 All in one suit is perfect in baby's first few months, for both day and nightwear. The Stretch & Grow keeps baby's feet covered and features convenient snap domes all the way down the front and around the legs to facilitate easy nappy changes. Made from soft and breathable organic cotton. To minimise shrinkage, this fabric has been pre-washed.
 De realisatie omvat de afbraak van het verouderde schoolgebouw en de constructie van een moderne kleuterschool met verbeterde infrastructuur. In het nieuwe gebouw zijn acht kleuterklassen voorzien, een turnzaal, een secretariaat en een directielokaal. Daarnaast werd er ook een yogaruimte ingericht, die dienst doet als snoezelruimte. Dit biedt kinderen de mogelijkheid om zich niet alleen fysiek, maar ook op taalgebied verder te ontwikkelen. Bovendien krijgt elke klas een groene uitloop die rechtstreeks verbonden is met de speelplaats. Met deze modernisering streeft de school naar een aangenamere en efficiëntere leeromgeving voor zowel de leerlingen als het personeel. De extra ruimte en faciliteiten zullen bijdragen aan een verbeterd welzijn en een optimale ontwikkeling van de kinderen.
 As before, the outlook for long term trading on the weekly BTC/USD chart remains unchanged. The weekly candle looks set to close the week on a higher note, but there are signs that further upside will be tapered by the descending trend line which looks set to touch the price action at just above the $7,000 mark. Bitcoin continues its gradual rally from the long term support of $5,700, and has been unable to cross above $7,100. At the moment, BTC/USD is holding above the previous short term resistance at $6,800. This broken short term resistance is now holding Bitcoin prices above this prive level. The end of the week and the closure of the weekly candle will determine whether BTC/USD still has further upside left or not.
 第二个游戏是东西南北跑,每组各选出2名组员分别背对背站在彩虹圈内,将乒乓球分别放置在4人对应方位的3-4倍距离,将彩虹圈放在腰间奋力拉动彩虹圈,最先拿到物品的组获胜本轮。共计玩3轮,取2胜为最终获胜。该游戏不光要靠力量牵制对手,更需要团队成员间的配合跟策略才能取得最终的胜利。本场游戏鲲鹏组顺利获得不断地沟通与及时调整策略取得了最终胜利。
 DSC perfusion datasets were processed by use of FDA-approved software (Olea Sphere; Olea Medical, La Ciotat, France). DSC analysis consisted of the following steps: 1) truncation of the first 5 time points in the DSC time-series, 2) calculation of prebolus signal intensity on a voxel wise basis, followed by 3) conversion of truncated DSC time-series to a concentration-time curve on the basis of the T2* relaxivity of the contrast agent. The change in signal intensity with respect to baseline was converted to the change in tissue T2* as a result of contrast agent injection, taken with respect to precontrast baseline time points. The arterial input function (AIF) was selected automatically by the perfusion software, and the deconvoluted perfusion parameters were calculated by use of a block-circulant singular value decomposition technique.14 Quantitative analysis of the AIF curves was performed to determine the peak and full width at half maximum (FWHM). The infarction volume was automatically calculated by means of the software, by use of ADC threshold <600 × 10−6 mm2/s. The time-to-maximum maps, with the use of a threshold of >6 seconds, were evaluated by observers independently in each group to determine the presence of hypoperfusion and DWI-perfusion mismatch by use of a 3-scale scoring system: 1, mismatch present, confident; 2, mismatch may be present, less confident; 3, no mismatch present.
----
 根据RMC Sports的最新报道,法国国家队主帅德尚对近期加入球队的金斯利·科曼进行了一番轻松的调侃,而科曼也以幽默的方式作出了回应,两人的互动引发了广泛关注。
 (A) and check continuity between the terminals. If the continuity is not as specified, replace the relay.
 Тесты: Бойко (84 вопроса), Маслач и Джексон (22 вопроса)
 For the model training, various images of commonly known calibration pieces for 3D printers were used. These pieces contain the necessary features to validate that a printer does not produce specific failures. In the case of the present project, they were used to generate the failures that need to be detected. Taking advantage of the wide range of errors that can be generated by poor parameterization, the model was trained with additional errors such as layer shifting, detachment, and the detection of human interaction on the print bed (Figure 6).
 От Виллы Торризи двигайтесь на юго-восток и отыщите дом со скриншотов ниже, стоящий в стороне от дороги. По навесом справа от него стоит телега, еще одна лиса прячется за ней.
----
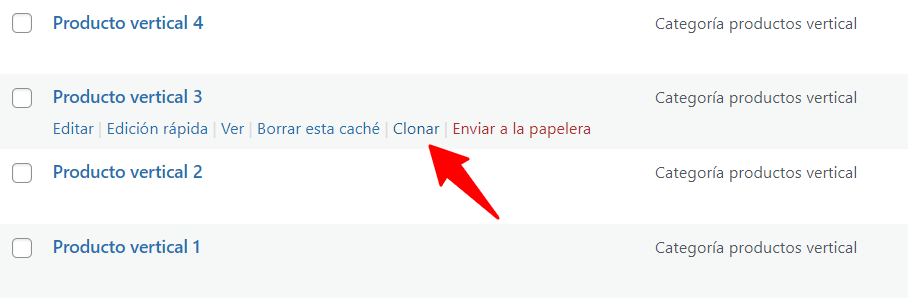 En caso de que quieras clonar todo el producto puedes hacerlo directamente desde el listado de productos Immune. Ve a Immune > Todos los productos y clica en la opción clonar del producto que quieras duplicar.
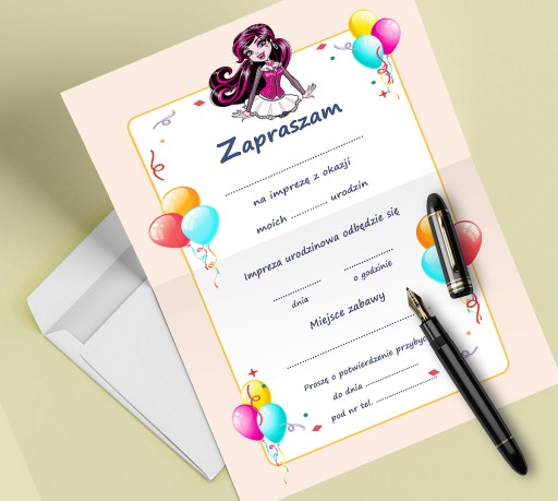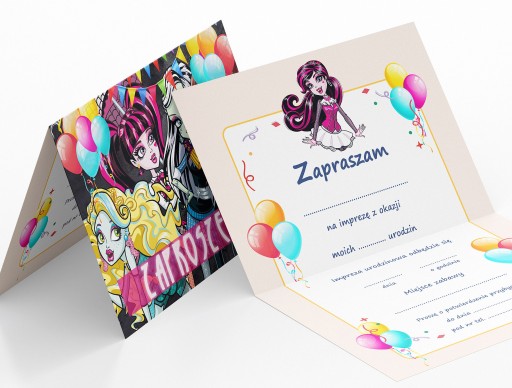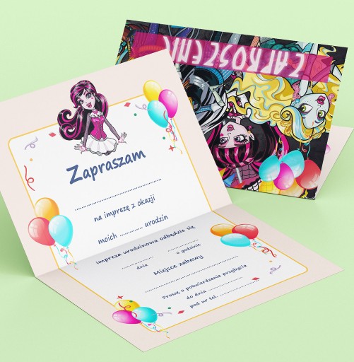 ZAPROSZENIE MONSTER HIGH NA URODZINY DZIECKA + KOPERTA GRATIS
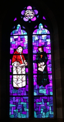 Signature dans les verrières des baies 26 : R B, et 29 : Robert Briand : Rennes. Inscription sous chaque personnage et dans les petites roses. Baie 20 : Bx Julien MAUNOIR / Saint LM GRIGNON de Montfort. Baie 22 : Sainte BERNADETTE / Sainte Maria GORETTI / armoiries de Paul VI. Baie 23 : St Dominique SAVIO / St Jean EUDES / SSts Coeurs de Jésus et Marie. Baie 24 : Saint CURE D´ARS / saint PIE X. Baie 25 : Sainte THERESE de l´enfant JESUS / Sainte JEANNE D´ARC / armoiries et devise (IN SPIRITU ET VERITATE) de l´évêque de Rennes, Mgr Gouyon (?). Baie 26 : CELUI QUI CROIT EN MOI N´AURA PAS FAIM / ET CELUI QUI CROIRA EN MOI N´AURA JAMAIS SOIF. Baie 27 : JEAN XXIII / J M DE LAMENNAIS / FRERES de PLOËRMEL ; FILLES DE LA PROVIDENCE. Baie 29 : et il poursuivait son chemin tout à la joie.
----
WHAT TO PRODUCE =>
In the listing above, find the line with "For the model" and the line with "От Виллы Торризи"; set down exactly those two lines and every line between them, nothing more.

SOLUTION TO THIS PROBLEM =>
 For the model training, various images of commonly known calibration pieces for 3D printers were used. These pieces contain the necessary features to validate that a printer does not produce specific failures. In the case of the present project, they were used to generate the failures that need to be detected. Taking advantage of the wide range of errors that can be generated by poor parameterization, the model was trained with additional errors such as layer shifting, detachment, and the detection of human interaction on the print bed (Figure 6).
 От Виллы Торризи двигайтесь на юго-восток и отыщите дом со скриншотов ниже, стоящий в стороне от дороги. По навесом справа от него стоит телега, еще одна лиса прячется за ней.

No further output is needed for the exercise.